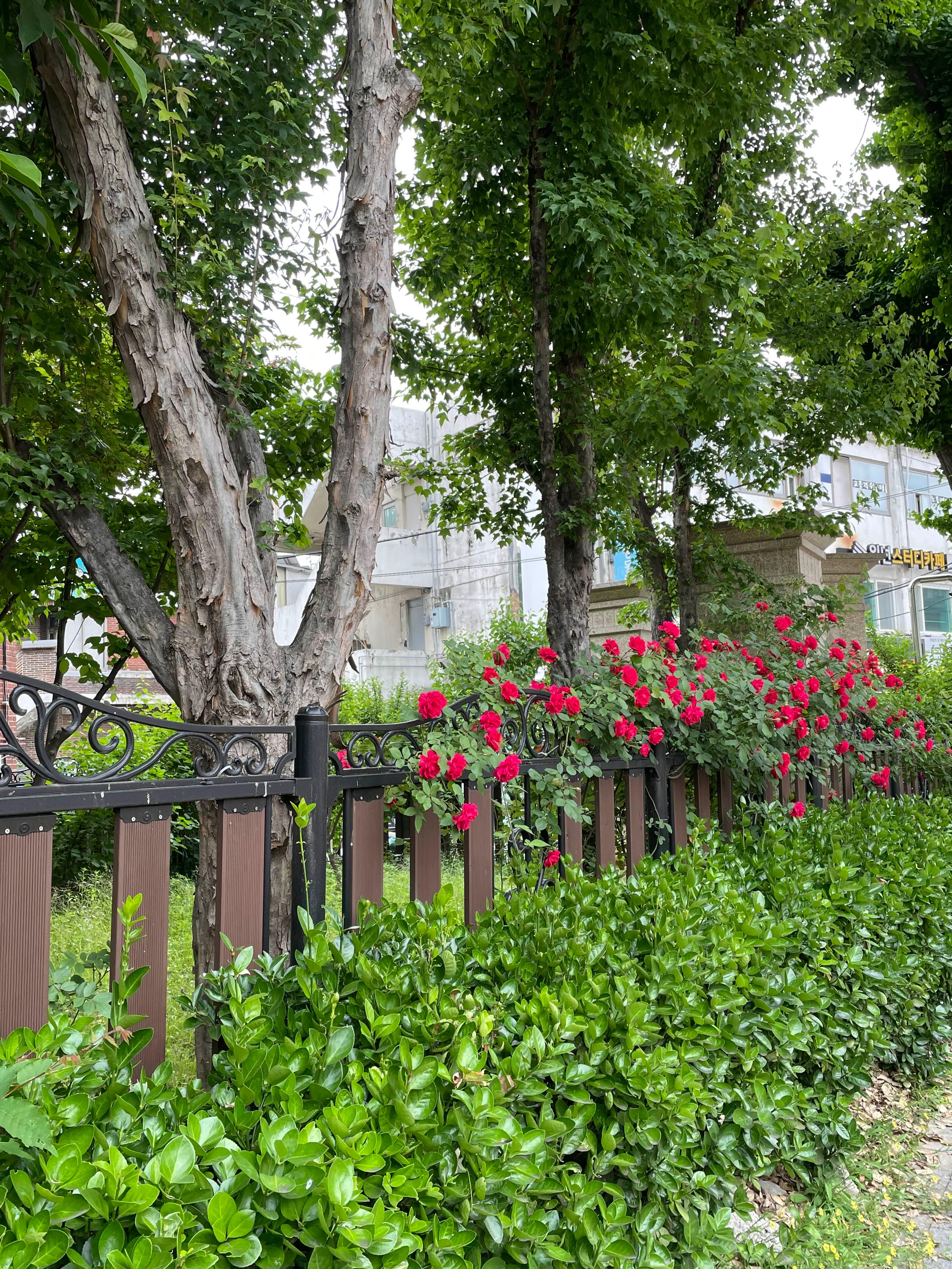 가로수길 한 길로 장미꽃 울타리가
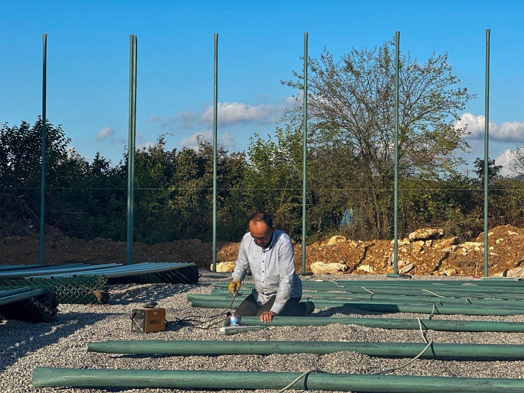 Karateke Mahallesi’nde yapımına başlanan sentetik futbol sahasında saha içi direk montaj çalışmaları sürdürülmektedir. Kısa süre içerisinde halı serimi işlemleri tamamlanarak saha, gençlerin ve çocukların kullanımına sunulacaktır.
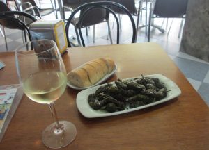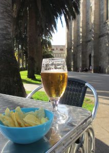 セント・トーマス教会の広場のテーブルでビールを飲む。カルダス・デ・レイスではビールを頼むとポテトチップスがつまみとして添えられてきた。バルで極めて簡単な夕食だが、小生のお気に入りのピミエントス・デ・パドロン。
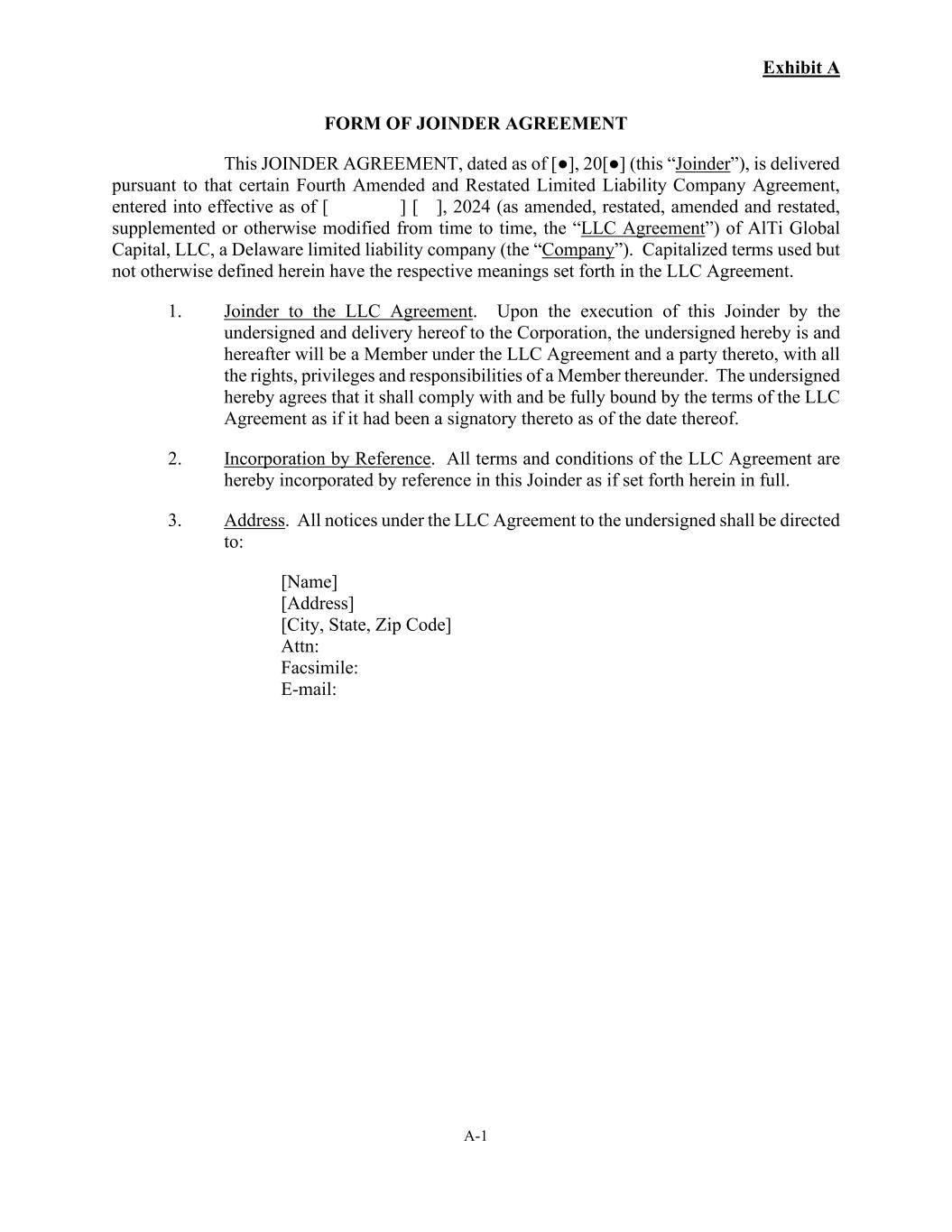 Exhibit A A-1 FORM OF JOINDER AGREEMENT This JOINDER AGREEMENT, dated as of [●], 20[●] (this “Joinder”), is delivered pursuant to that certain Fourth Amended and Restated Limited Liability Company Agreement, entered into effective as of [ ] [ ], 2024 (as amended, restated, amended and restated, supplemented or otherwise modified from time to time, the “LLC Agreement”) of AlTi Global Capital, LLC, a Delaware limited liability company (the “Company”). Capitalized terms used but not otherwise defined herein have the respective meanings set forth in the LLC Agreement. 1. Joinder to the LLC Agreement. Upon the execution of this Joinder by the undersigned and delivery hereof to the Corporation, the undersigned hereby is and hereafter will be a Member under the LLC Agreement and a party thereto, with all the rights, privileges and responsibilities of a Member thereunder. The undersigned hereby agrees that it shall comply with and be fully bound by the terms of the LLC Agreement as if it had been a signatory thereto as of the date thereof. 2. Incorporation by Reference. All terms and conditions of the LLC Agreement are hereby incorporated by reference in this Joinder as if set forth herein in full. 3. Address. All notices under the LLC Agreement to the undersigned shall be directed to: [Name] [Address] [City, State, Zip Code] Attn: Facsimile: E-mail:
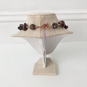 NWT Genuine Murano Glass & Copper Beads Beaded Necklace Purple
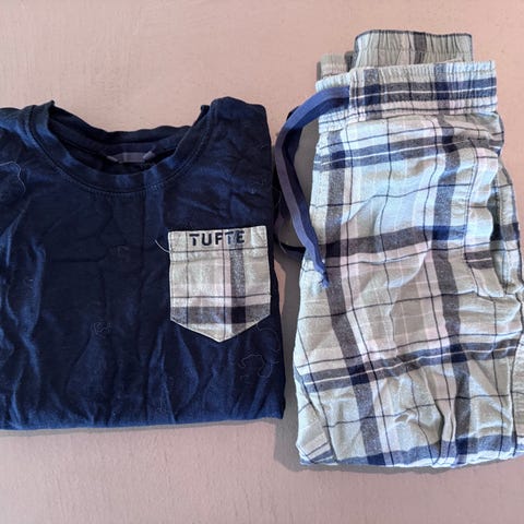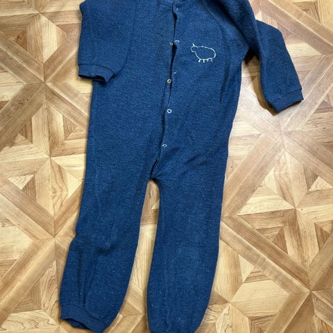 Pysj i ullfrote i fargen lin. Pent brukt, men det har vært et lite hull ved en knapp som er sydd pent og er lite synlig.
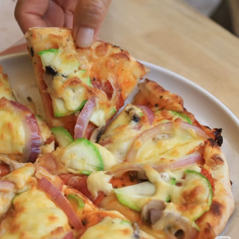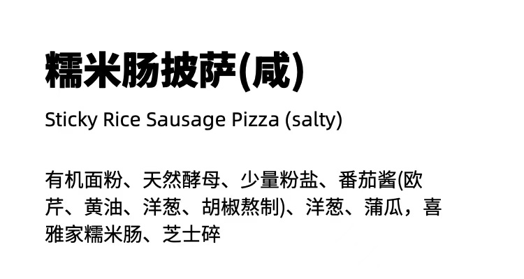 糯米肠披萨(咸):有机面粉、天然酵母、少量粉盐、番茄酱(欧芹、黄油、洋葱、胡椒熬制)、洋葱、蒲瓜,喜雅家糯米肠、芝士碎
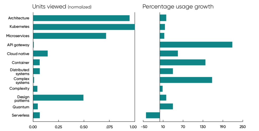 软件开发是O'Reilly平台中的一大类别,其中涵盖许多内容,例如编程语言、云以及架构等等。数据表明,软件架构、Kubernetes和微服务是2021年提及次数最多的三个主题,它们的同比增长分别为19%、15%和13%。尽管与API网关(增长218%)等主题的增长趋势相比,这三个数据的增长显得微不足道。但这也反映了一个规律:规模较小的主题的增长趋势较为明显,而已经占据主导地位的主题则增长较为缓慢。API网关相关内容的数量大约是架构或是Kubernetes内容的1/250。
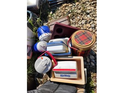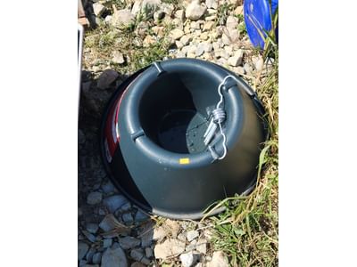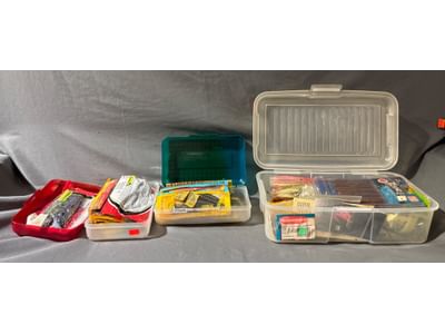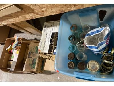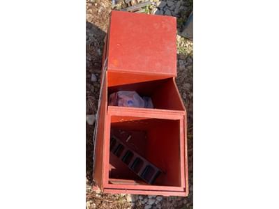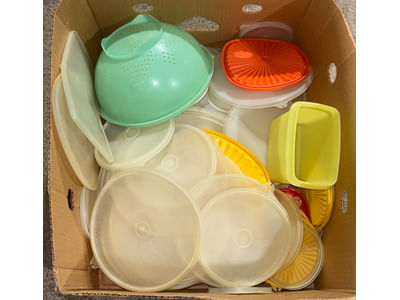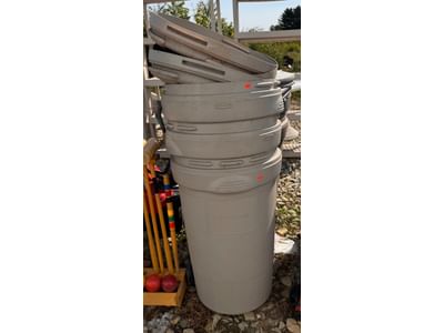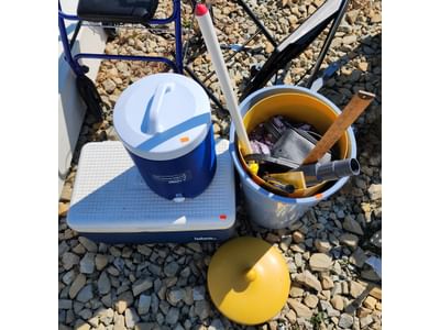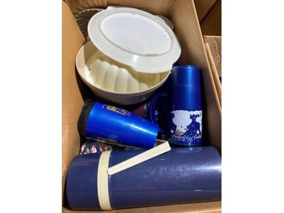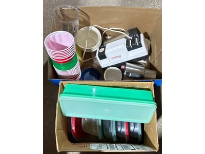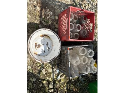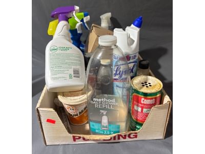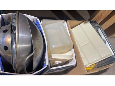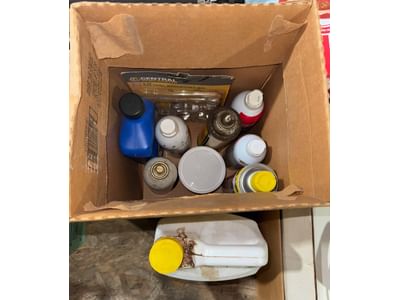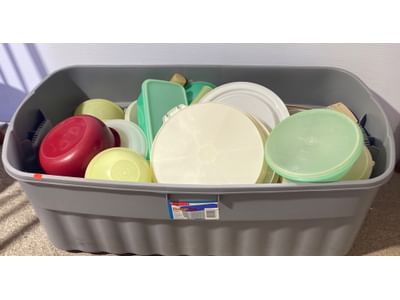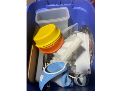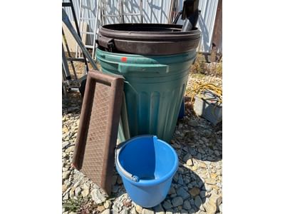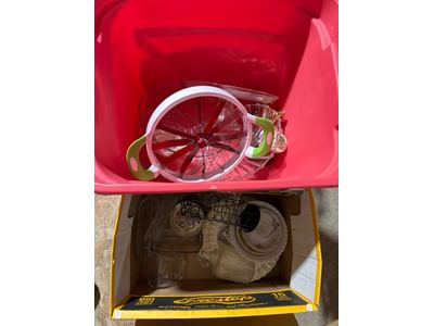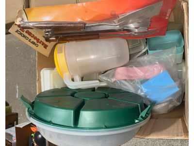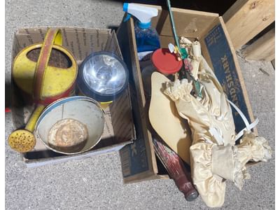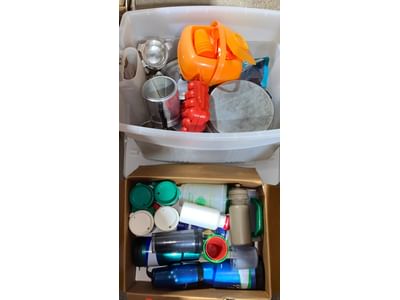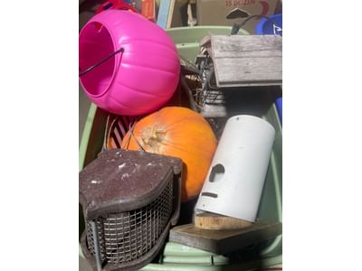 9650 Utility Items with Plastic Containers Birdhouse and umbrella weight
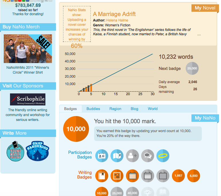 I've tried to do NaNoWriMo for years, and have never got further than about 10,000 words, so this year, having given up my day job to write full-time (eek!), I'll try to complete this challenge.
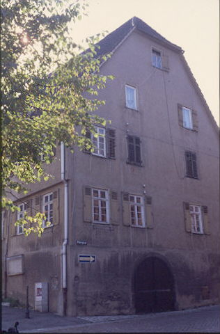 Die Stadtgemeinde Besigheim besitzt: "Nr. 110 Ein zweistockiges Gebäude (1 a 35 qm), oben in der Stadt, das Eckhaus zwischen der Pfarr und Kirchgasse, mit gewölbtem Keller, Wohnung der deutschen Schullehrer, auf Sockel, sonst Fachwerk". (a)
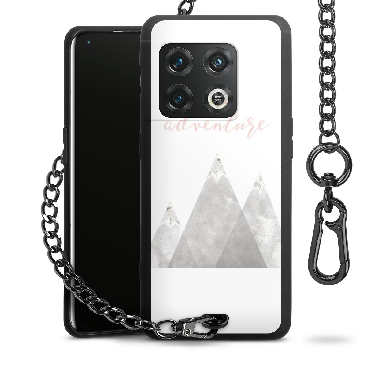 • Mattschwarze Handyhülle mit Metallkette
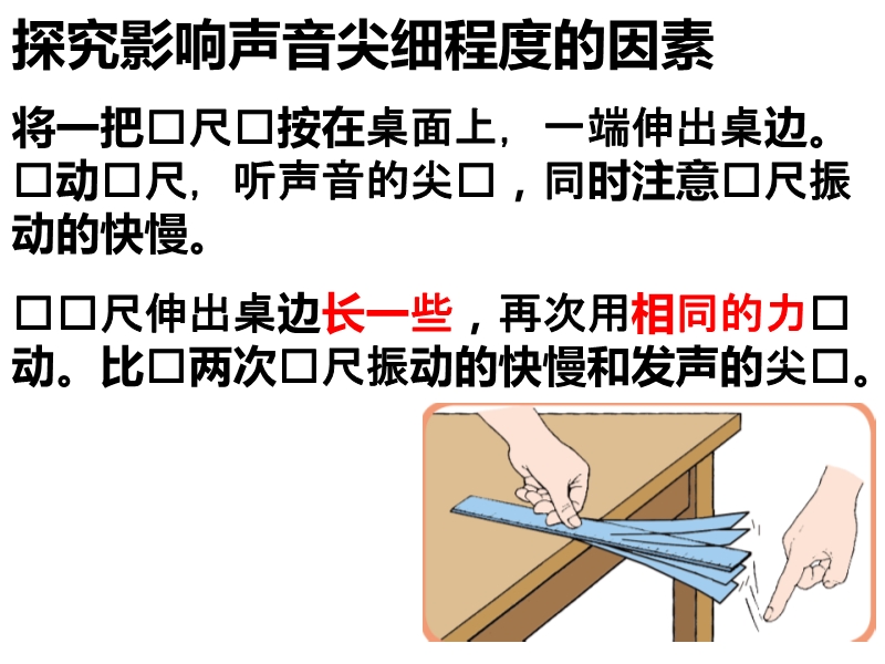 【内容简介】为什么歌声中有的声音听起来调高,有的听起来调低呢?(即1、2、3…)女生说话一般声音比较细/尖细?而男生说话声音一般比较粗/低沉?声音的粗细或者说尖细程度到底跟什么有关呢?我们知道,声音是由声源振动产生的。猜想:调高/低与声源振动有关探究影响声音尖细程度的因素声源每秒振动的次数叫频率。频率是描述发声体振动快慢的物理量音调的高低与发声物体的振动频率有关。振动频率越大,发出的声音音调越高;振动频率越小,音调越低。.......
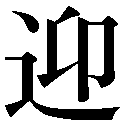 会意兼形声。右側の字(音ゴウ)は「たった人+それに向かってすわった人」の会意文字で、仰(あおぐ)の原字。→の方向に来る相手に、←の方向に進むの意を含む。迎はそれを音符とし、
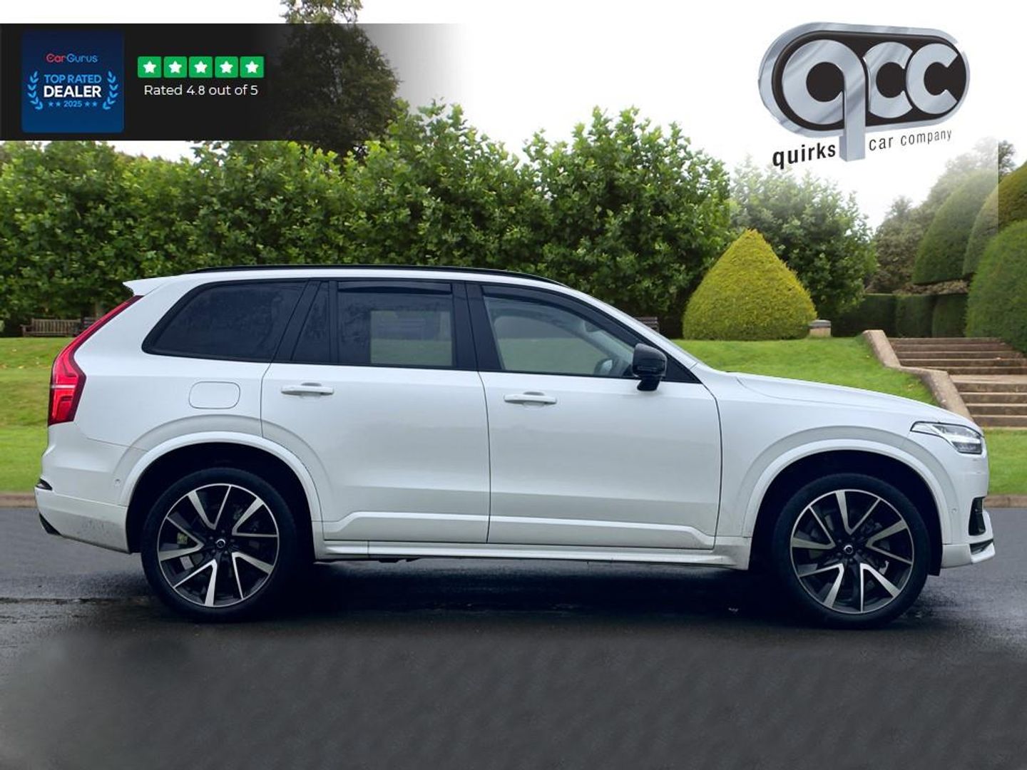 NATIONWIDE DELIVERY AVAILABLE! THIS VOLVO XC90 2.0 B6 MHEV ULTIMATE DARK FINISHED IN CRYSTAL WHITE WITH CHARCOAL BLACK NAPPA LEATHER BENEFITS FROM THE FOLLOWING SPECIFICATION, 7 SEATS WITH 3RD ROW SEATING, ELECTRIC PANORAMIC GLASS SUNROOF WITH ELECTRIC BLIND, 21" ALLOYS, BOWERS & WILKINS HIGH FIDELITY SOUND SYSTEM, CRYSTAL ORREFORS GEAR LEVER, HEAD UP DISPLAY (HUD), TOUCH SCREEN WITH SAT NAV, REAR VIEW REVERSE CAMERA, 360 CAMERA, PILOT ASSIST, DIGITAL DASH, HEATED M/F/S/WHEEL WITH ADAPTIVE CRUISE CONTROL AND VOICE CONTROL, ELECTRIC HEATED AND COOLED MEMORY COMFORT SEATS WITH LUMBAR SUPPORT AND MASSAGE FUNCTION, HEATED REAR SEATS, ELECTRIC FOLDING EXTERIOR MIRRORS, 3x ZONE AIR CON CLIMATE CONTROL WITH REAR AIR CON, AUTOMATICALLY DIMMING REAR VIEW MIRROR, AUTOMATIC HEAD LIGHTS, BLUETOOTH PHONE PREP, APPLE CARPLAY, PRIVACY GLASS, BLACK ROOF RAILS, POWER TAIL GATE/BOOT LID, ISOFIX POINTS, CENTRE ARM REST, PAN ROOF, SEVEN, THIRD, 5+2, QUIRKS CAR COMPANY ARE VERY PROUD WINNERS OF RUNNER UP FOR AUTOTRADER RETAILER OF THE YEAR 2021, WINNERS OF AUTOTRADER HIGHLY RATED FOR OUR CUSTOMER SERVICE 2021/20, AND WINNERS OF CAR GURUS TOP RATED DEALER 2021/20/19. WE USE THIRD PARTY SOURCES TO OBTAIN STANDARD AND OPTIONAL FITTED FEATURES AND SPECIFICATIONS. WE CANNOT BE HELD LIABLE FOR ITS ACCURACY SO PLEASE VERIFY THESE DETAILS WHEN VIEWING THE VEHICLE PRIOR TO PURCHASE. YOU MUST PHYSICALLY CHECK THE SPECIFICATION OF THE VEHICLE ON SITE PRIOR TO PURCHASE.

◆ **EXERCISE**
Copy nothing but the lines from the first one in the listing through the line with "Karateke Mahallesi’nde yapımına", and omit the pictures.

◆ **FINAL ANSWER**
 가로수길 한 길로 장미꽃 울타리가
 Karateke Mahallesi’nde yapımına başlanan sentetik futbol sahasında saha içi direk montaj çalışmaları sürdürülmektedir. Kısa süre içerisinde halı serimi işlemleri tamamlanarak saha, gençlerin ve çocukların kullanımına sunulacaktır.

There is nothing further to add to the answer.